Video by Genesis
- Released: 22nd May 1989
- Recorded: 2–3 July 1987
- Venue: Wembley Stadium, London
- Genre: Rock
- Length: 132 minutes
- Label: Virgin Music Video

Genesis chronology
| Invisible Touch (1986) | Invisible Touch Tour (1989) | We Can't Dance (1991) |

= Genesis Live at Wembley Stadium =

Invisible Touch Tour is a live video by the English rock band Genesis, released on the 22nd May 1989 on Virgin Music Video. It was the first concert ever shot in High Definition and cameras and lenses had to be flown in from the United States and Japan. It was directed by Jim Yukich and produced by Paul Flattery of FYI. It was edited at the band's facilities known as The Farm by Jerry Behrens and David Foster. It documents the band's four sold out shows at Wembley Stadium in London between 2-3 July 1987 at the end of their Invisible Touch Tour promoting their thirteenth studio album, Invisible Touch. A limited edition release included a CD single containing the live version of "Domino" as performed on the video. In November 2003, the video was reissued on DVD and renamed Genesis Live at Wembley Stadium.

Professional ratings
Review scores
| Source | Rating |
| AllMusic |  |

==Contents==
The bonus features on the 2003 DVD include a photo gallery, scans of the tour programme, and a tour documentary. Some copies of the original 1989 VHS releases included a 3" CD of "Domino" from the video, indexed as two tracks ("In the Glow of the Night" and "The Last Domino").

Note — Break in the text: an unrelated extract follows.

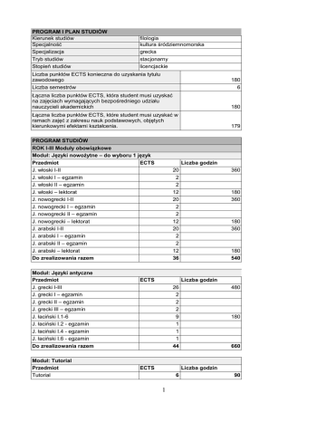 PROGRAM I PLAN STUDIÓW Kierunek studiów Specjalność Specjalizacja Tryb studiów Stopień studiów filologia kultura śródziemnomorska grecka stacjonarny licencjackie Liczba punktów ECTS konieczna do uzyskania tytułu zawodowego Liczba semestrów 180 6 Łączna liczba punktów ECTS, która student musi uzyskać na zajęciach wymagających bezpośredniego udziału nauczycieli akademickich 180 Łączna liczba punktów ECTS, które student musi uzyskać w ramach zajęć z zakresu nauk podstawowych, objętych kierunkowymi efektami kształcenia. 179 PROGRAM STUDIÓW ROK I-III Moduły obowiązkowe Moduł: Języki nowożytne – do wyboru 1 język Przedmiot ECTS J. włoski I-II J. włoski I – egzamin J. włoski II – egzamin J. włoski – lektorat J. nowogrecki I-II J. nowogrecki I – egzamin J. nowogrecki II – egzamin J. nowogrecki – lektorat J. arabski I-II J. arabski I – egzamin J. arabski II – egzamin J. arabski – lektorat Do zrealizowania razem Moduł: Języki antyczne Przedmiot J. grecki I-III J. grecki I – egzamin J. grecki II – egzamin J. grecki III – egzamin J. łaciński I.1-6 J. łaciński I.2 - egzamin J. łaciński I.4 - egzamin J. łaciński I.6 - egzamin Do zrealizowania razem Moduł: Tutorial Przedmiot Tutorial Liczba godzin 20 2 2 12 20 2 2 12 20 2 2 12 36 ECTS 360 180 360 180 360 180 540 Liczba godzin 26 2 2 2 9 1 1 1 44 ECTS 480 180 660 Liczba godzin 6 1 90 ROK I Moduł: Zajęcia obowiązkowe Przedmiot Literatura grecka Języki i pisma Śródziemnomorza Historia starożytna Historia sztuki antycznej I Biblia w europejskiej tradycji i symbolice Retoryka Mitologia grecka Filozofia starożytna Geografia Śródziemnomorza Kompozycja wypowiedzi pisemnej Wychowanie fizyczne Do zrealizowania razem ROK II Przedmiot Historia sztuki antycznej II Do zrealizowania razem ROK III Przedmiot Podstawy przedsiębiorczości Do zrealizowania razem ROK II-III Moduły obowiązkowe Moduł: Literatura Przedmiot ECTS Liczba godzin 6 2 4 4 2 2 3 4 2 1 1 31 ECTS Liczba godzin 4 4 ECTS Liczba godzin ECTS Liczba godzin 16 ECTS 180 Liczba godzin Do zrealizowania razem Moduł: Historia Przedmiot 60 60 2 2 Do zrealizowania razem Moduł: Językoznawstwo Przedmiot 60 30 60 60 30 30 30 30 30 15 30 405 6 ECTS 60 Liczba godzin Do zrealizowania razem 8 2 90 Moduł: Kultura i religie Przedmiot ECTS Liczba godzin Do zrealizowania razem Moduł: Opcje Przedmiot 9 ECTS 90 Liczba godzin Do zrealizowania razem Razem moduły obowiązkowe* 6 60 45 480 *Liczba godzin zajęć w modułach nie może w trakcie studiów przekroczyć 480 ROK II-III Moduł: Języki dodatkowe* Przedmiot J. hiszpański J. turecki J. akadyjski J. egipski Do zrealizowania razem ECTS Liczba godzin 20 20 20 20 20 240 240 240 240 240 *Przy wyborze języka dodatkowego student realizuje po 4 ECTS mniej z każdego z modułów obowiązkowych LJHKO ROK III Moduł: Proseminarium Przedmiot Proseminarium licencjackie I (wybór) Proseminarium licencjackie II ECTS Liczba godzin Wszystkie zajęcia 3 5 7 12 30 30 60 180 2295 PLAN STUDIÓW Semestr 1 Przedmiot J. nowożytny I J. grecki I J. łaciński I.1 Historia starożytna Literatura grecka Geografia Śródziemnomorza Filozofia starożytna Historia sztuki antycznej I Mitologia grecka Biblia w europejskiej tradycji i symbolice Tutorial Semestr 2 Przedmiot J. nowożytny I J. nowożytny I – egzamin J. grecki I J. grecki I – egzamin J. łaciński I.2 J. łaciński I.2 Historia starożytna Literatura grecka Języki i pisma Śródziemnomorza Historia sztuki antycznej I Retoryka Kompozycja wypowiedzi pisemnej Tutorial Semestr 3 Przedmiot J.nowożytny II J. grecki II J. łaciński I.3 Historia sztuki antycznej II Moduły obowiązkowe LJHKO Tutorial ECTS Liczba godzin 6 6 2 2 3 2 4 2 3 2 1 33 ECTS 90 90 30 30 30 30 30 30 30 30 15 435 Liczba godzin 4 2 4 2 1 1 2 3 2 2 2 1 1 27 ECTS Liczba godzin 6 6 2 2 13 * 1 30 4 90 90 30 30 30 30 30 30 15 15 390 90 90 30 30 15 255 Forma zaliczenia Zal Zal Zal Zal Zal Zal Zal Zal Zal Zal Zal Forma zaliczenia zal egz zal egz zal egz Zal Zal Zal Zal Zal Zal Zal Forma zaliczenia Zal Zal Zal zal Zal Semestr 4 Przedmiot J.nowożytny II J.nowożytny II – egzamin J. grecki II J. grecki II – egzamin J. łaciński I.4 J. łaciński I.4 – egzamin Historia sztuki antycznej II Moduły obowiązkowe LJHKO Tutorial Wychowanie fizyczne Semestr 5 Przedmiot J.nowożytny – lektorat J. grecki III J. łaciński I.5 Proseminarium licencjackie I Moduły obowiązkowe LJHKO Tutorial Podstawy przedsiębiorczości Semestr 6 Przedmiot J.nowożytny – lektorat J. grecki III J. grecki III – egzamin J. łaciński I.6 J. łaciński I.6 Proseminarium licencjackie II Moduły obowiązkowe LJHKO Tutorial ECTS Liczba godzin 4 2 4 2 1 1 2 12 * 1 1 30 ECTS 90 90 30 30 15 30 285 Liczba godzin 6 4 2 5 12 * 1 2 32 ECTS 90 60 30 30 15 Forma zaliczenia zal egz zal egz zal egz zal Zal Zal Forma zaliczenia Zal Zal Zal Zal Zal 225 Liczba godzin 6 2 2 1 1 7 8 * 1 28 90 60 30 30 15 225 Forma zaliczenia zal egz zal zal egz egz Zal *Liczba godzin zajęć w modułach nie może w trakcie studiów przekroczyć 480 *Zal – zaliczenie na ocenę **Egz – ocena z egzaminu 5

The set list features six of the eight songs from Invisible Touch. A medley of "In the Cage", "...In That Quiet Earth" and "Afterglow" was performed at the shows but not included on the release.

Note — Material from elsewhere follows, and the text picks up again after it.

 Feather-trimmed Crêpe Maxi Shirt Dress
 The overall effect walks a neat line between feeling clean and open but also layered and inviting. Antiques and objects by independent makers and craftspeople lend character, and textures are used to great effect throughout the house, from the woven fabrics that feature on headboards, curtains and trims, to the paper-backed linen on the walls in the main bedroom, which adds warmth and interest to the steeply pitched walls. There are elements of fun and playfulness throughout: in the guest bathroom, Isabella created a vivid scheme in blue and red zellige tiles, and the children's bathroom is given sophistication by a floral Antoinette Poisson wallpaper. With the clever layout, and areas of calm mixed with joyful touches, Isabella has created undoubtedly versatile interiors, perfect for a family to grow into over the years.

Performances of "Abacab" and "The Brazilian" from the Wembley shows were later included as the B-sides of the "Invisible Touch (Live)" single; "Tonight, Tonight, Tonight" appeared as a B-side on the "Tell Me Why" CD single; "The Brazilian" appeared again on the 2000 compilation Genesis Archive 2: 1976-1992 and "Mama" and "That's All" appeared on the 1992 live album The Way We Walk, Volume One: The Shorts.

==Track listing==
1. "Mama"
2. "Abacab"
3. "Domino (Part I: In the Glow of the Night; Part II: The Last Domino)"
4. "That's All"
5. "The Brazilian"
6. "Land of Confusion"
7. "Tonight, Tonight, Tonight"
8. "Throwing It All Away"
9. "Home by the Sea/Second Home by the Sea"
10. "Invisible Touch"
11. Drum Duet
12. "Los Endos"
13. "Turn It On Again, including the medley: Everybody Needs Somebody to Love/(I Can't Get No) Satisfaction/Twist and Shout/Reach Out (I'll Be There)/You've Lost That Lovin' Feelin'/Pinball Wizard/In the Midnight Hour"

== Personnel ==
- Phil Collins – drums, electronic percussion, percussion, lead vocals
- Tony Banks – keyboards
- Mike Rutherford – lead guitar, bass guitar, bass pedals, backing vocals

with:
- Daryl Stuermer – bass guitar, guitar, backing vocals
- Chester Thompson – drums, electronic percussion

==Certifications==

| Region | Certification | Certified units/sales |
| Argentina (CAPIF) | Platinum | 8,000^{^} |
| France (SNEP) | Gold | 10,000^{*} |
| Germany (BVMI) | Gold | 25,000^{^} |
^{*} Sales figures based on certification alone. ^{^} Shipments figures based on certification alone.